Both she and Dillon knew enough about disasters to know they wanted to be as prepared as possible for the next one, she said.

 

Prior to moving to San Francisco about six years ago, Dillon had mobilized his Baton Rouge, Louisiana parish to respond in the aftermath of Hurricane Katrina, which in 2005 killed more than 1,800 people and caused an estimated $81 billion in property damage.

 

Eddy had lived through the Loma Prieta earthquake, a magnitude-6.9 temblor that occurred during the warm-up of the third game of the 1989 Major League Baseball World Series. It killed about 60 people, injured more than 3,700 and left thousands homeless. Although it didn’t directly affect Eddy’s neighborhood “it was enough to scare me,” she said. “There was enough death and destruction that it was pretty scary.”

 

All of which got them thinking that “people need information on how to prepare” for the inevitable next disaster, she said. Things like “how we meet after a disaster. How do we assess what are the needs. We’re also including all types of disasters, including terrorist and biochemical incidents. We’re planning for neighborhood emergency situations and regional disasters.”

 

They’ve created a website with resources and on June 6 will meet with local city and human service officials, businesses and residents associations to discuss the draft plan, she said.

 

“What’s really been important with our core group is, we’ve created such strong bonds with each other that even if the big earthquake hits tomorrow we’re going to be able to work much better together, because we already have that bond and connectedness in the neighborhood,” Eddy said.

 

Dioceses receive training; getting ready

On April 25, the Rev.
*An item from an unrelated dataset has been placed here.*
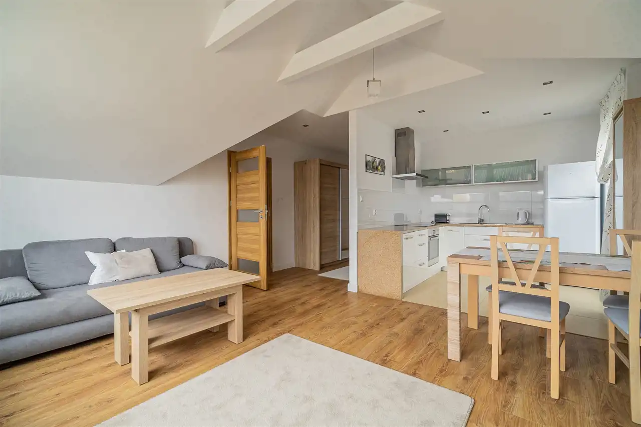 Zapraszamy do wynajmu przestronnego i nowoczesnego mieszkania, które znajduje się na pierwszym piętrze eleganckiego domu w spokojnej dzielnicy Podlasie. To idealne miejsce dla osób ceniących komfort, nowoczesność i przestrzeń.

Russ Oeschel, archdeacon and disaster preparedness coordinator for the Episcopal Diocese of Texas, “was getting ready to deploy” members of a diocesan emergency spiritual care team to the city of West, near Waco, where an April 17 fertilizer plant explosion killed 14 people, including 11 first responders.

 

The team and its members, both clergy and laity, are one aspect of the diocesan disaster preparedness and response plan. They aren’t the “recovery people, but they are in the next wave, whenever it is residents are allowed back into areas damaged, we’re there to provide spiritual care as they begin to assess what’s happened to them.”